University Student Senate (USS) has also played a role in monitoring the course’s implementation and gauging student interest and feedback, according to Sal De Rienzo ’22, USS vice president, and Zoë Welsh ’22, USS secretary for Academic Affairs.
Welsh said it’s important to educate the student body by offering a course that provides information about racial-literacy, inequality and diverse perspectives.
“These are the tools and information that you need to engage with others in general, to engage in communities of difference, and be able to become leaders,” Welsh said.
Lisa Lam ’25, who is currently registered in INT 151, said there are definitely challenges that come with being in the course, especially for students of color.
“Our class is already being taught by a white person and a lot of our classes, because it’s a PWI [predominantly white institution], are filled with white people,” Lam said. “On a typical class day, you have to be ready for some uncomfortability, whether it’s someone said something in the class that isn’t okay and nothing is done from that, or the topic is uncomfortable for some people to talk about.”
Despite those challenges, Lam said the course is still something the university should provide for students given the demographics of the university.
“It forces students to have exposure and awareness about topics within our society that are significantly necessary to be talked about, to be known about and to be educated about,” Lam said. “We’re the next generation to make change, and we have to know what needs to be changed in order to change it.”
Mary Kate Fazzino ’25, who is also currently enrolled in INT 151, said it’s important to have a course that discusses issues of racism and inequality like INT 151, especially at a predominantly white institution like St. Joe’s.

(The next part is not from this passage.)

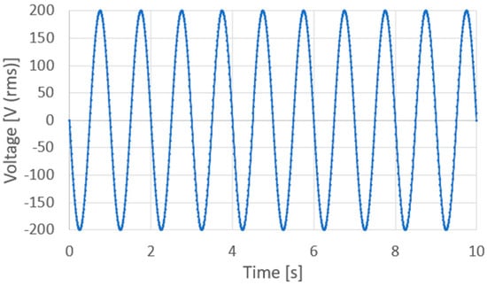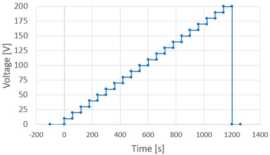 AC and DC voltages were applied using an AC/DC-stabilized power supply (PCR1000WEA, Kikusui Electronics Industry, Kanagawa, Japan). This voltage generated an electric field that was applied to the sol–gel composite via the probes and platinum upper electrode. During AC poling, an AC electric field was applied to control the applied voltage off-phase angle, applied voltage, number of applied cycles, and frequency, controlled via the front panel interface of the KIKUSUI PCR1000WEA system. It should be noted that the voltage off-phase angle refers to the specific phase position (in degrees) within the AC waveform at which the output voltage is turned off. This parameter allows for precise control of the voltage shutoff timing relative to the waveform. Figure 6 shows a voltage application chart where an AC voltage is applied with an applied voltage off-phase angle of 0°, an applied voltage of 200 V (rms), 10 application cycles, and a frequency of 1 Hz. In contrast, during DC polarization, the voltage was increased by 10 V every minute, and 200 V was applied at the end, as shown in the voltage application chart in Figure 7. To suppress dielectric breakdown in the porous sol–gel composite films, the maximum DC field was applied for one minute during the DC poling process.

“I think it’s really good that we’re talking about it. And it’s heavy, but I feel grateful that we’re able to have these conversations,” Fazzino said.
Yates said the course is important because it exposes students to issues of institutional racism and how to be actively anti-racist.

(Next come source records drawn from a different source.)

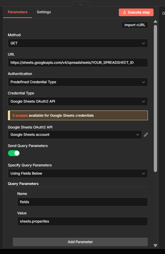 switch to an HTTP Request node (use your existing Google Sheets OAuth creds) and hit this URL: https://sheets.googleapis.com/v4/spreadsheets/YOUR_SPREADSHEET_ID
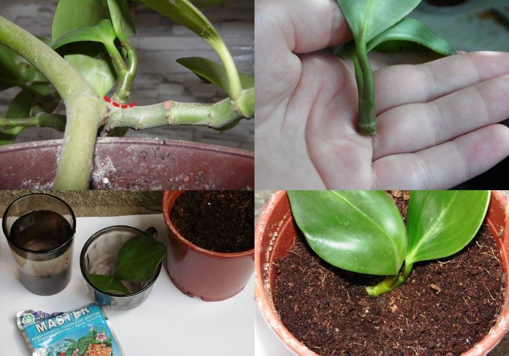 Размножение пеперомии черенками проходит четырые стадии: обрезка черенка, обработка среза обеззараживающим средством, укоренение в воде, посадка в горшок
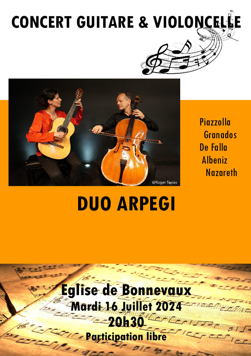 Le Comité des Fêtes de Bonnevaux a le plaisir de vous convier à son premier concert de l’été 2024, le mardi 16 juillet à 20 h 30, à l’église. (Participation libre) par le Duo Arpegi

“The line isn’t between racist and not racist. The line is between racist and anti-racist,” Yates said. “Hopefully we give students the practices and the tools that, if they choose to, they can use in order to be a part of anti-racist actions.”

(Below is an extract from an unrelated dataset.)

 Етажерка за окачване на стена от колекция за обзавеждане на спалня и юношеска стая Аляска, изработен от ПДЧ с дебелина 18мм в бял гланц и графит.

Lockridge said finding enrollment support is a challenge given that first-year students who have not yet taken the course are not signing up at the same rate as the last semester, or they may just not know that they are expected to enroll.
“Much of what is happening to fill these seats is happening by the five or six people who are currently teaching it,” Lockridge said.“It’s all grassroots.”
Joseph A. DiAngelo ’70, Ed.D., dean of the Erivan K. Haub School of Business, and James Carter, Ph.D., interim dean of the College of Arts and Sciences, both sent emails to first-year students in their respective schools on Nov. 29 “asking and encouraging” students to enroll in the course.
Other student organizations on campus have also been spreading the word to students encouraging them to enroll in the course. The Black Student Union (BSU) and Women’s Leadership Initiative (WLI) have utilized their newsletters and social media to promote the course.
Lockridge said the university needs to put the effort into creating the diversity community that it seeks and that INT 151 looks to create.
“St. Joe’s is interested in having a diverse community but doesn’t recognize what it takes to have that,” Lockridge said. “This is what structural racism looks like.”
INT 151 is currently open for registration for all St. Joe’s students. The course can be under the Self-Service Course Registration link in The Nest and is categorized under Interdisciplinary courses.